(Extracted records)
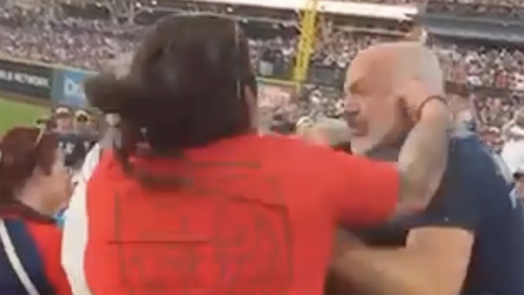 The videos were taken by another fan in the section, not associated with either party involved in the fight. However, the fan shared the videos with Pierce after the blonde woman and her partner were escorted out of the game by security.Â
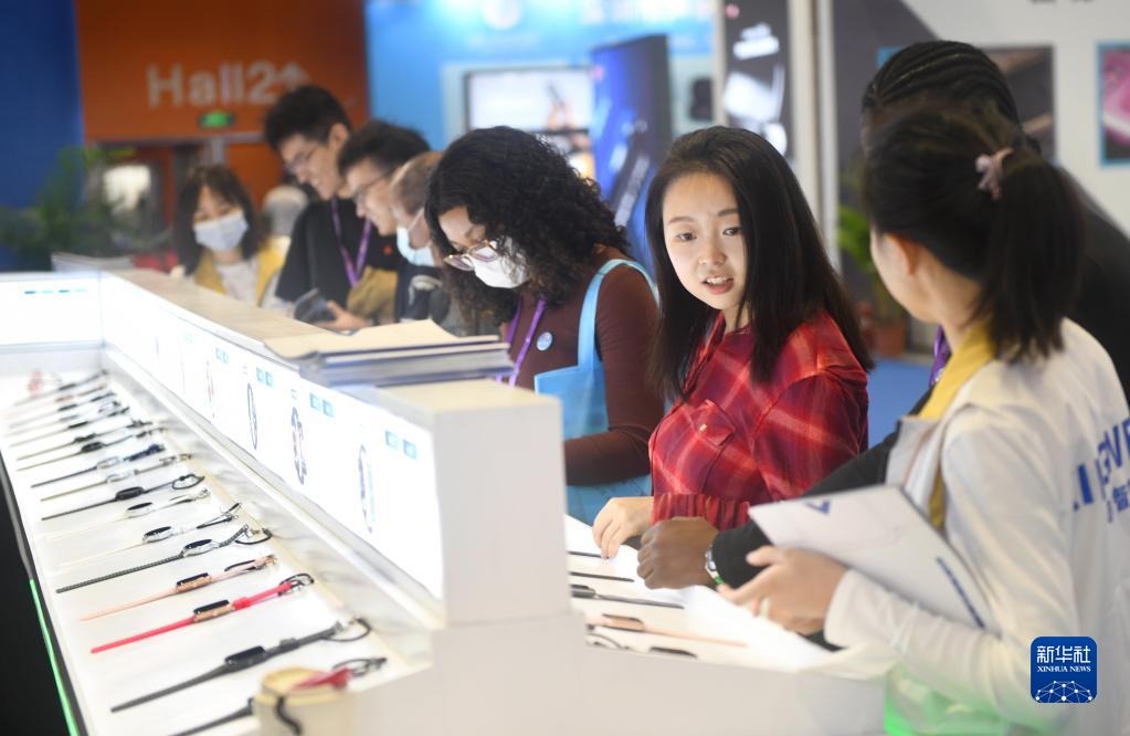 4月12日,參觀(guān)者在展會(huì )上參觀(guān)選購智能手表。
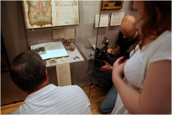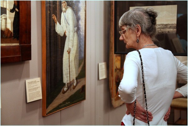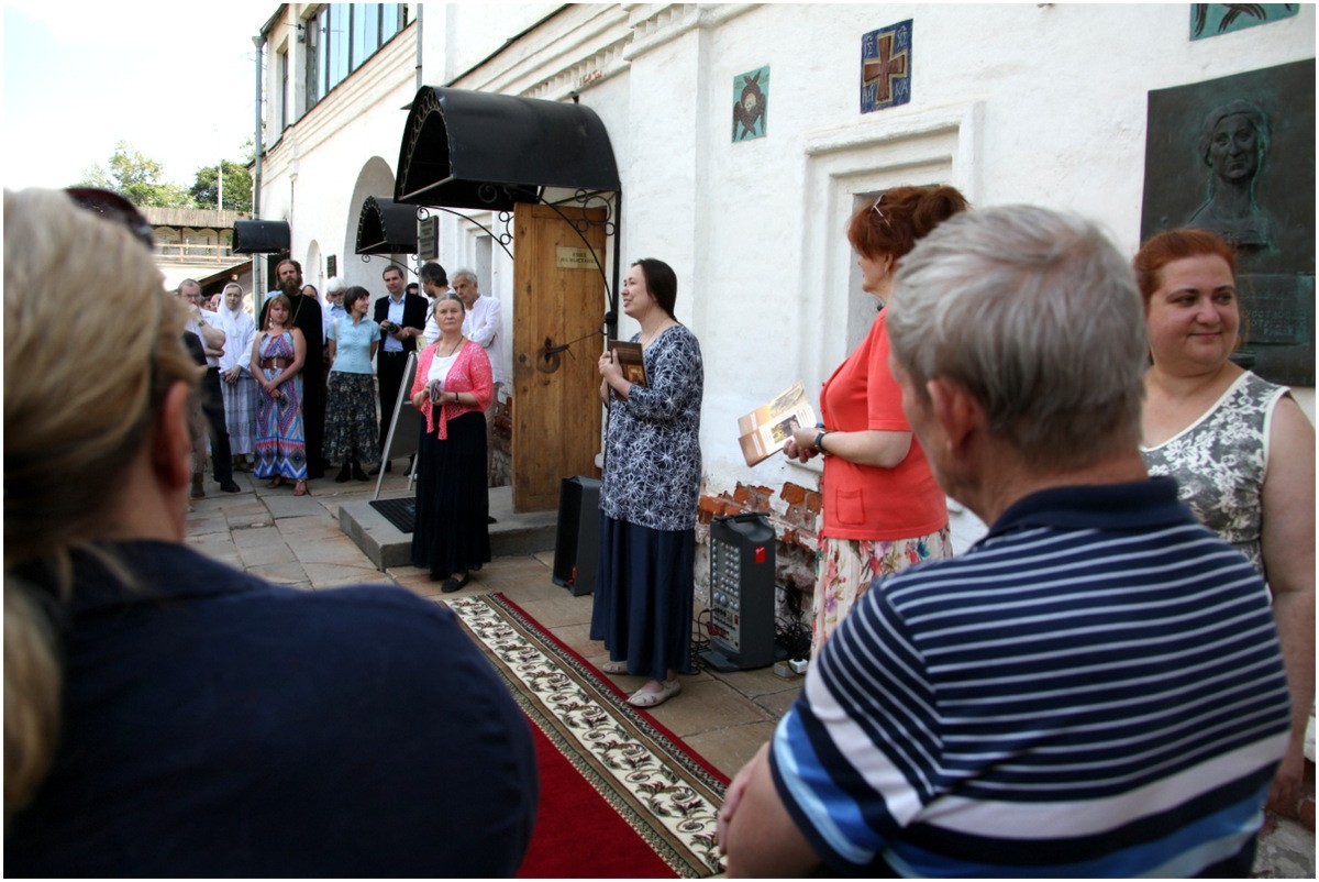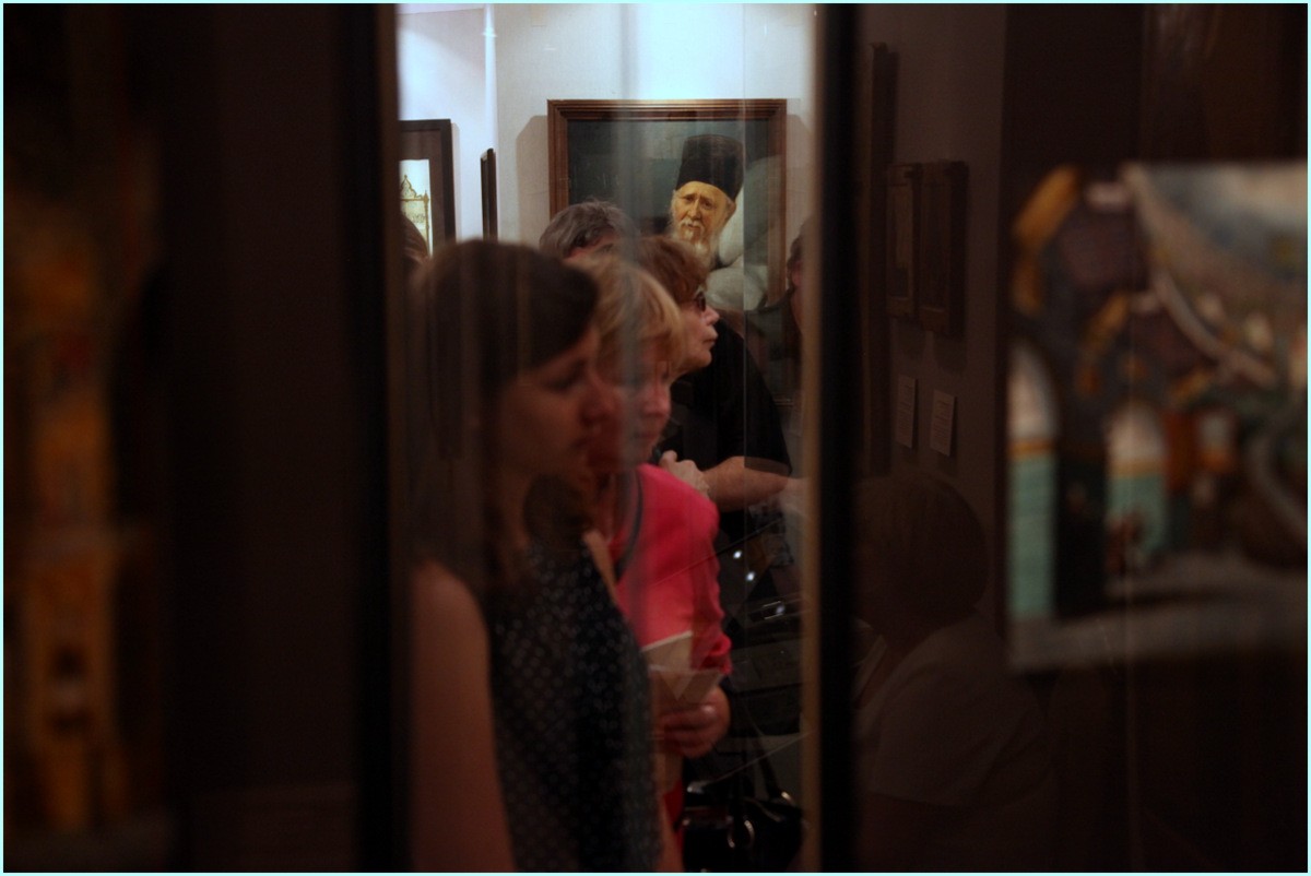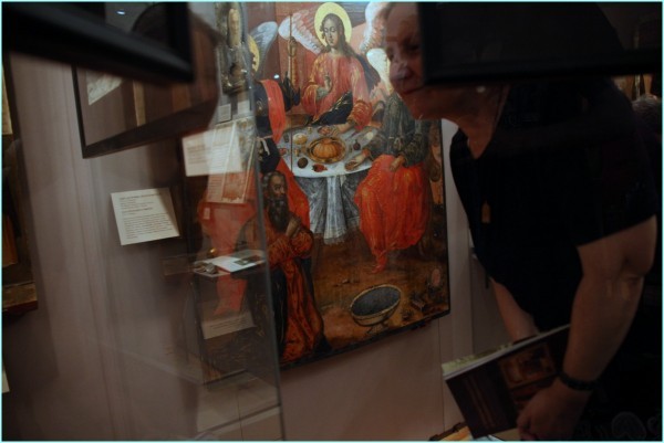 Куратор выставки Лариса Ивановна Алехина поделилась трудностями подготовки экспозиции, как не сразу было понятно, каким образом разместить иконы, но постепенно все складывалось так, что было понятно – «сами святые находили свое местечко».
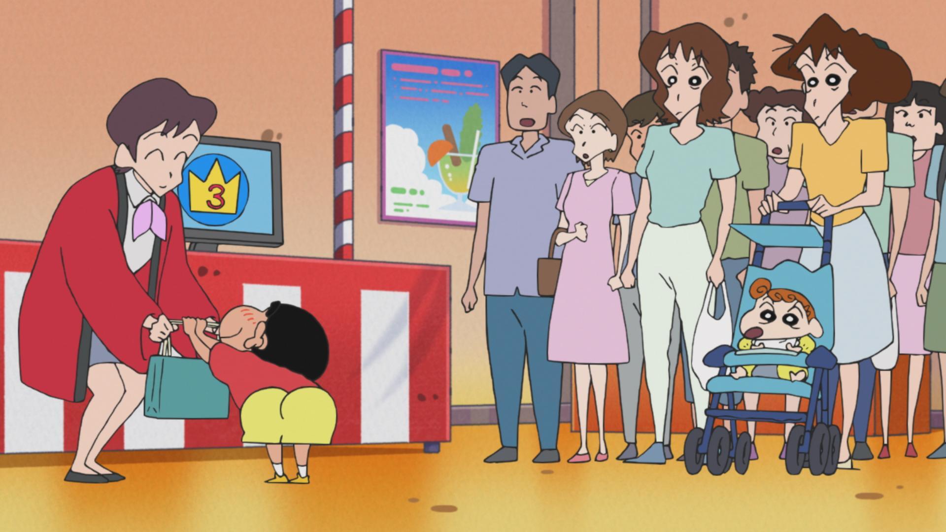 サトーココノカドーの抽選会場で、クジ運が悪いと思い込むむさえのかわりに抽選に参加したしんのすけは、見事和菓子セットをゲット!なぜかみさえは、昔からツイていてずるいとむさえから非難されてしまう。そこへやってきたのは……!?
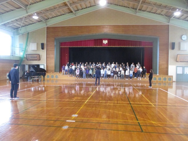 5年生 合唱再始動! 公開日 2025/10/27 更新日 2025/10/27 5年生の活動 5年生にとってのもう一つの本番、オーバードホールでの区域音楽会が来週に迫ってきました。次は「手をつなごう~共に生きる~」一曲の表現となります。再始動!という感じで、細部の確認を行っていました。
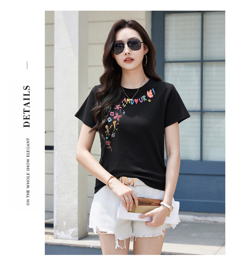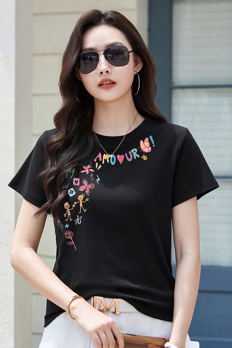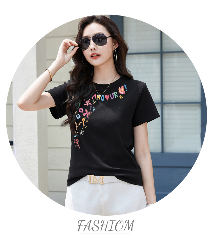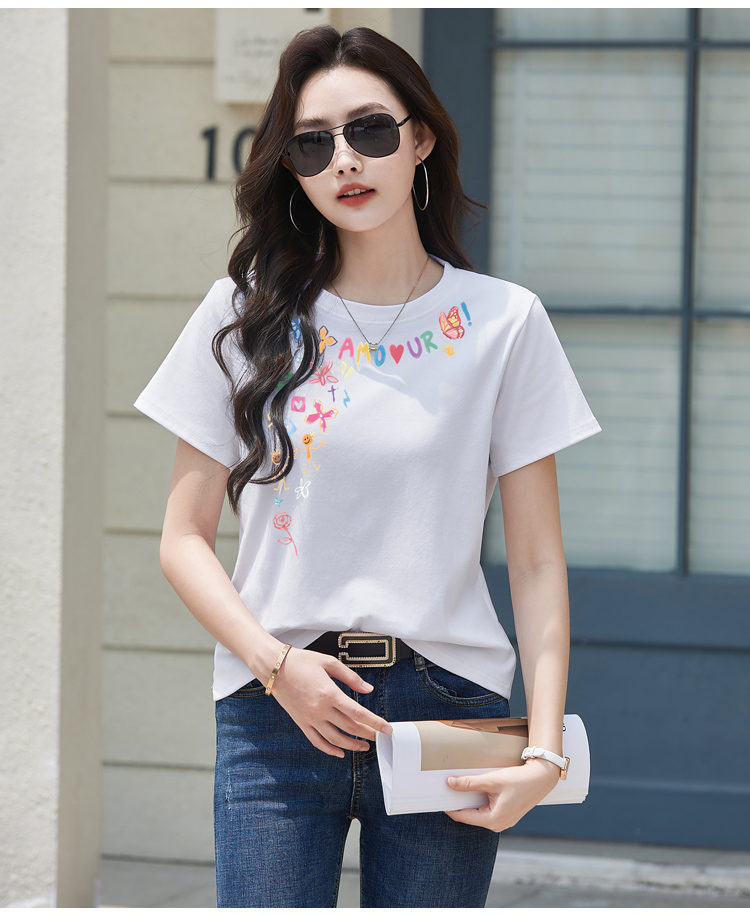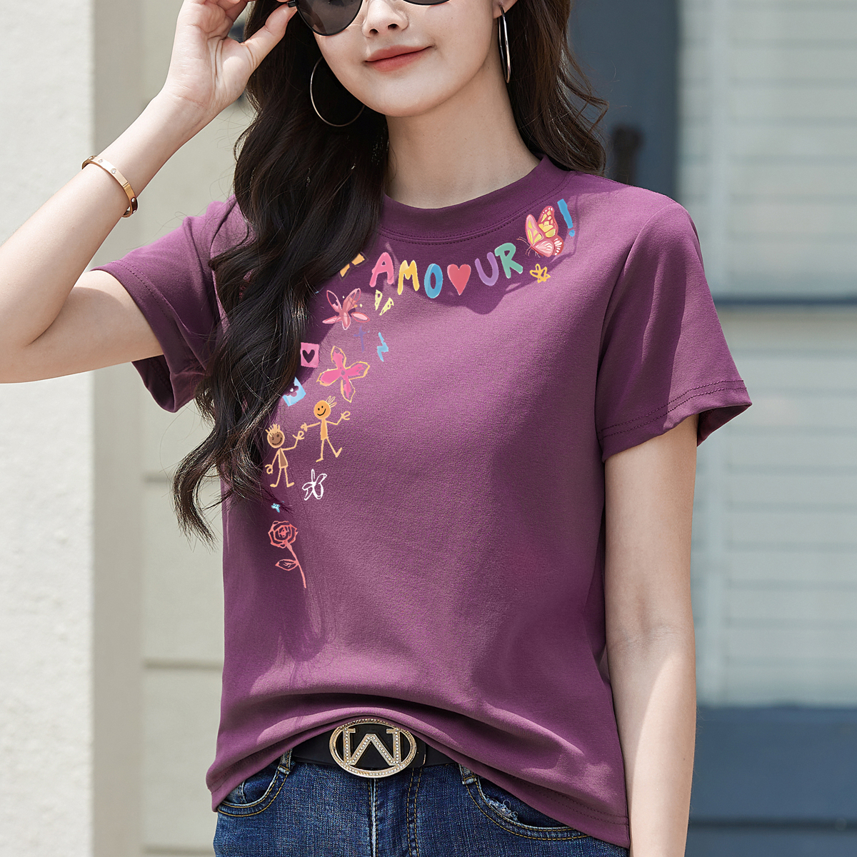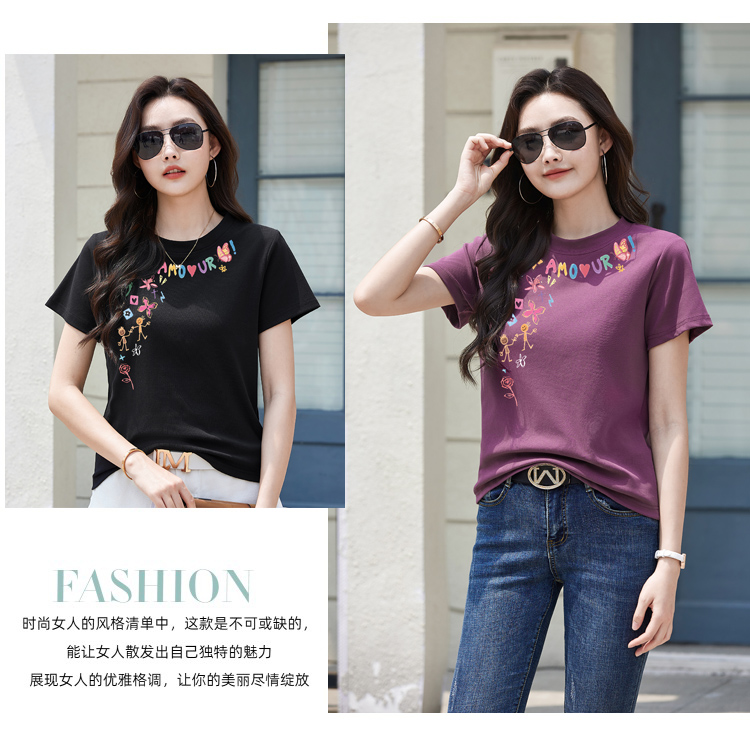 RY1858# 正肩圆领短袖T恤女夏季内搭打底衫宽松显瘦简约百搭体恤大码上衣

■ PROBLEM TO SOLVE
Every entry must be transcribed exactly. Pictures do not belong in the copy.

■ RESULT OF THE EXERCISE
 The videos were taken by another fan in the section, not associated with either party involved in the fight. However, the fan shared the videos with Pierce after the blonde woman and her partner were escorted out of the game by security.Â
 4月12日,參觀(guān)者在展會(huì )上參觀(guān)選購智能手表。
 Куратор выставки Лариса Ивановна Алехина поделилась трудностями подготовки экспозиции, как не сразу было понятно, каким образом разместить иконы, но постепенно все складывалось так, что было понятно – «сами святые находили свое местечко».
 サトーココノカドーの抽選会場で、クジ運が悪いと思い込むむさえのかわりに抽選に参加したしんのすけは、見事和菓子セットをゲット!なぜかみさえは、昔からツイていてずるいとむさえから非難されてしまう。そこへやってきたのは……!?
 5年生 合唱再始動! 公開日 2025/10/27 更新日 2025/10/27 5年生の活動 5年生にとってのもう一つの本番、オーバードホールでの区域音楽会が来週に迫ってきました。次は「手をつなごう~共に生きる~」一曲の表現となります。再始動!という感じで、細部の確認を行っていました。
 RY1858# 正肩圆领短袖T恤女夏季内搭打底衫宽松显瘦简约百搭体恤大码上衣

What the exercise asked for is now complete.